Un message à l’endroit des Sénégalais ?

Malheureusement, au Sénégal, il y a beaucoup de slogans, tellement de conférences et ce ne sont que des concepts. Mais sur le terrain, on ne voit pas concrètement de changement. Moi, je crois fermement au dicton qui dit : ‘‘L’homme qu’il faut à la place qu’il faut’’ et c’est cela notre problème au Sénégal. Beaucoup parmi ceux qui nous dirigent ne maîtrisent pas le sujet, ils ne maîtrisent pas le domaine qu’on leur a confié. Normalement, ils doivent connaître les espèces et les types d’arbres adaptés au sol de chaque terroir. Raison pour laquelle on demande au préalable aux citoyens qui veulent participer au challenge dans quelle zone ils habitent, parce qu’à Dakar, il y a des types d’arbres qui ne peuvent pas pousser. Car ici, ils ont besoin de beaucoup d’eau et d’entretien. Donc, quand on parle de reboisement à quelqu’un qui ne s’y connaît pas, il ne voit que l’arbre.

N’oublions que nous sommes en zone sahélienne ; ce qui rime avec manque d’eau, désert et fortes températures.  Ce qui fait qu’il y a des espèces d’arbres qui risquent de mourir. Alors, je ne dirai pas manque de volonté politique, mais plutôt de connaissances. Un homme comme Ali Haidar s’y connaît très bien et serait à sa place au ministère de l’Environnement, surtout qu’il a consacré pratiquement toute sa vie à ce domaine. Malheureusement…

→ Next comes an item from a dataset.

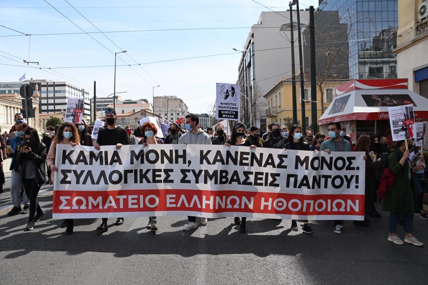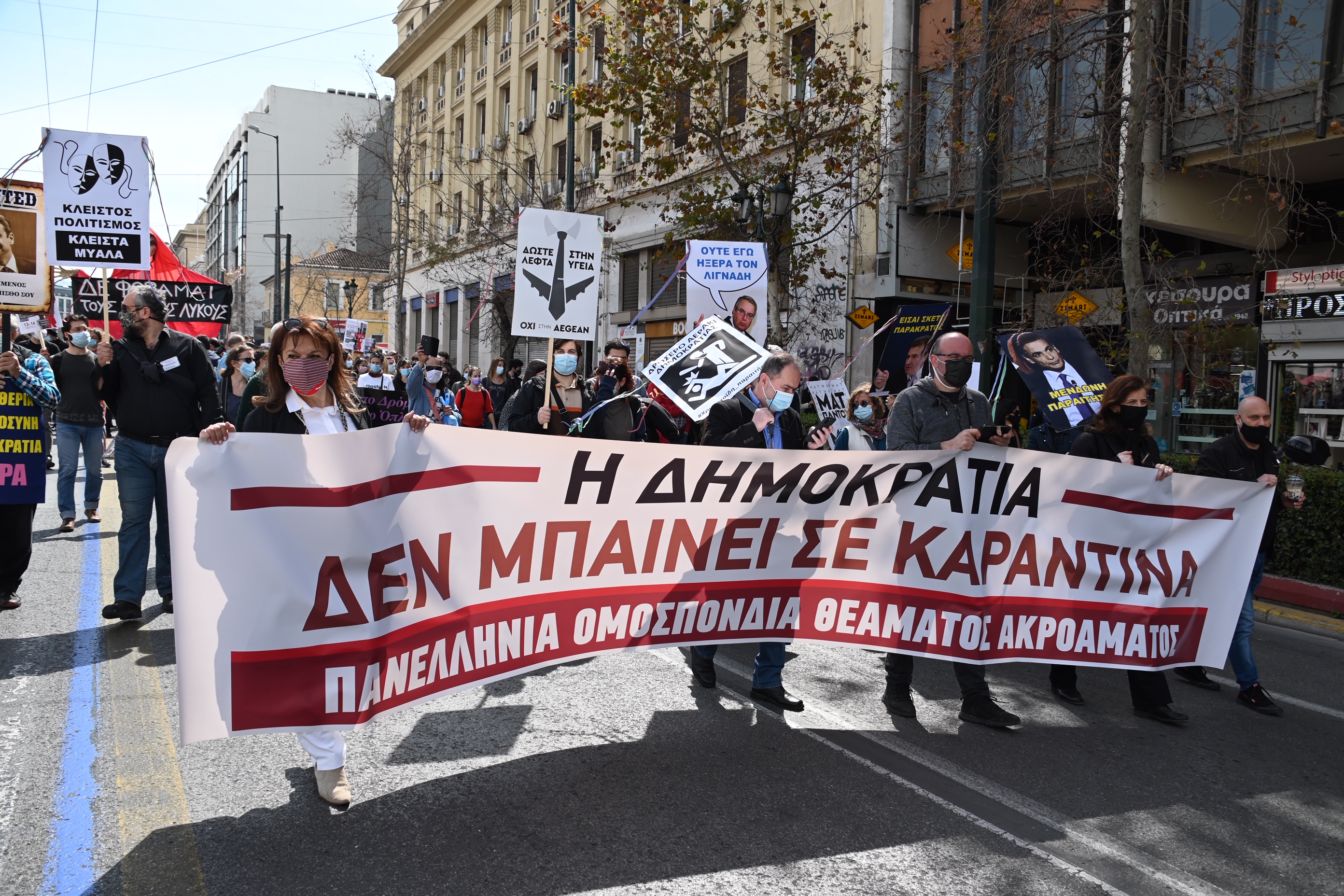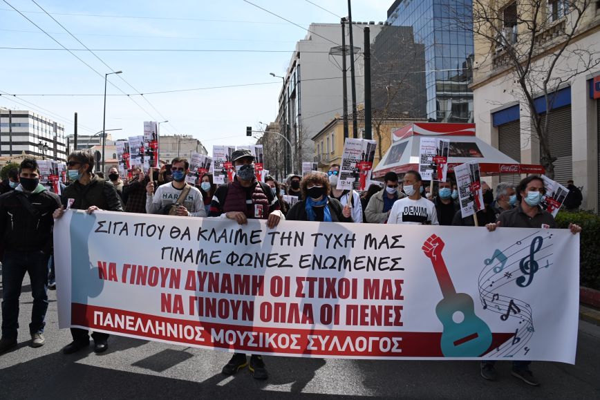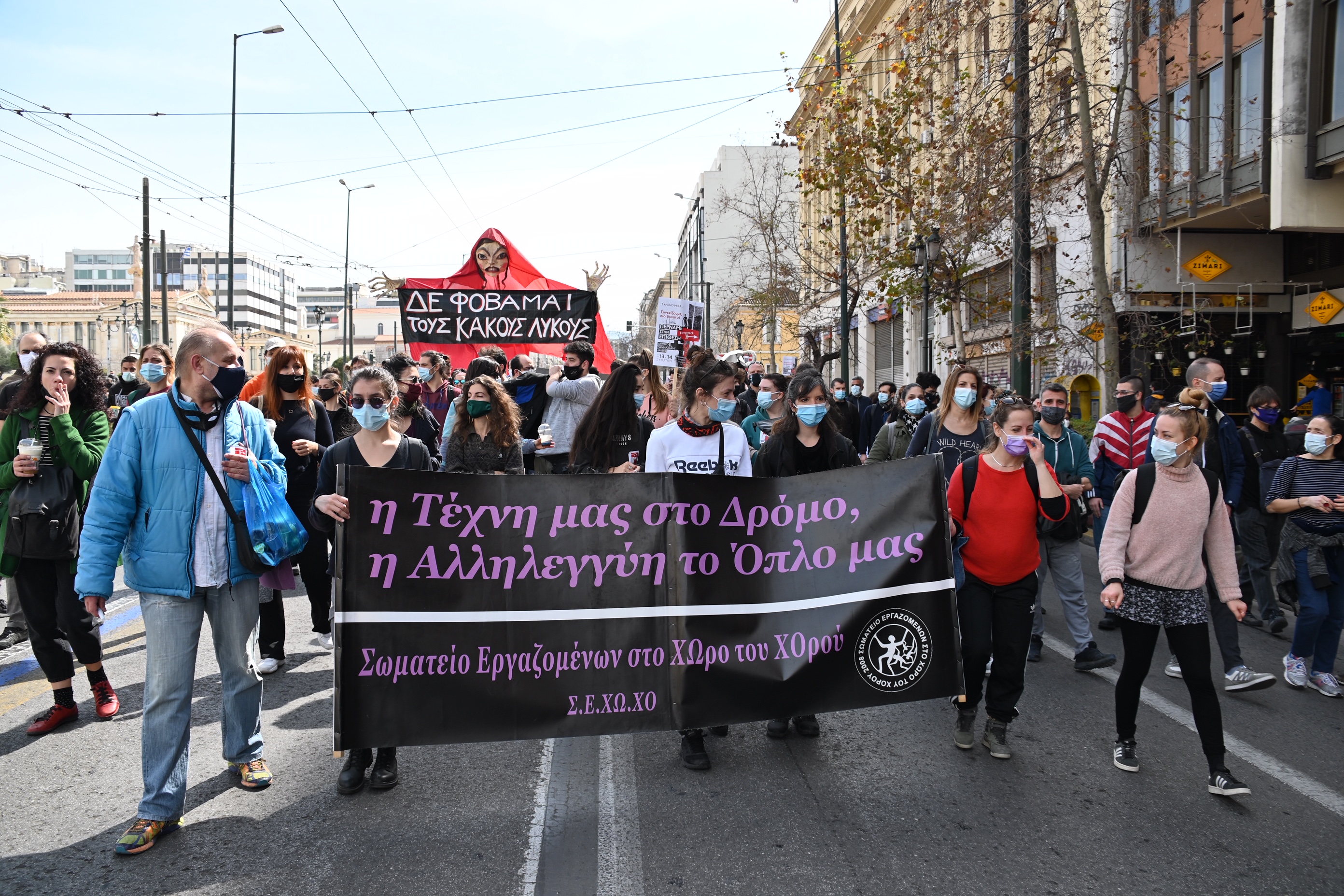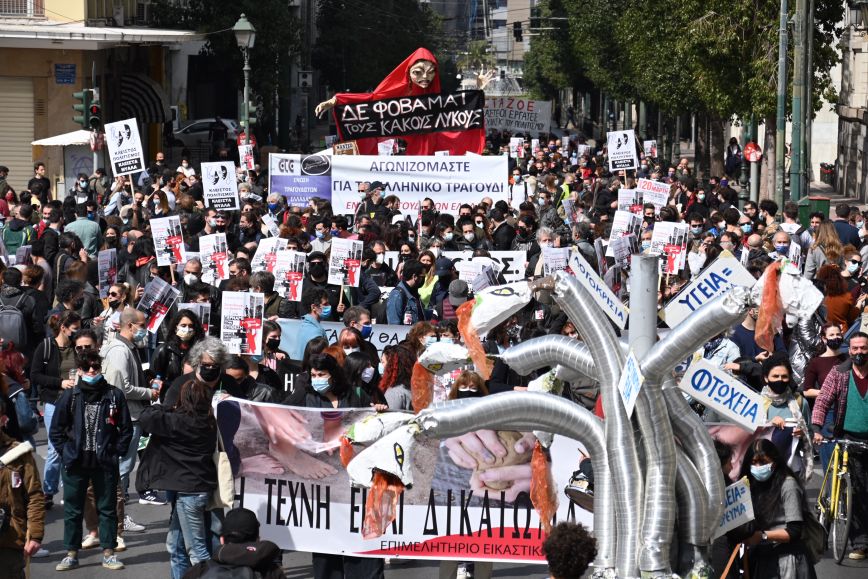 Στους δρόμους βρίσκονται για ακόμη μία φορά οι καλλιτέχνες, αυτή τη φορά πραγματοποιώντας πορεία προς τη Βουλή.

On ne retrouve pas les hommes qu’il faut à la place qu’il faut.  Nicolas Hulot, en France, a démissionné du poste de ministre de l’Environnement, parce qu’à un moment donné, il ne se sentait plus capable de remplir sa mission. C’est ce qui nous manque, nous Africains. C’est désolant qu’on ait retiré du gouvernement Abdou Karim Fofana, ancien Ministre de l’Urbanisme, parce qu’il posait des actions concrètes et il était tout le temps sur le terrain. Un travail salué par tous. Beaucoup de Sénégalais n’avaient pas apprécié son départ. Ces genres de personnes doivent être maintenus à leur poste pour le bien du Sénégal, même si le régime passe. Je peux également citer Massaër Thiam, Directeur de l’UCG, qui est en train de faire un travail extraordinaire à travers le Sénégal.

En somme, que les décideurs posent des actes concrets qu’ils puissent laisser derrière eux et qu’ensemble, on arrive à avoir des citoyens écoresponsables.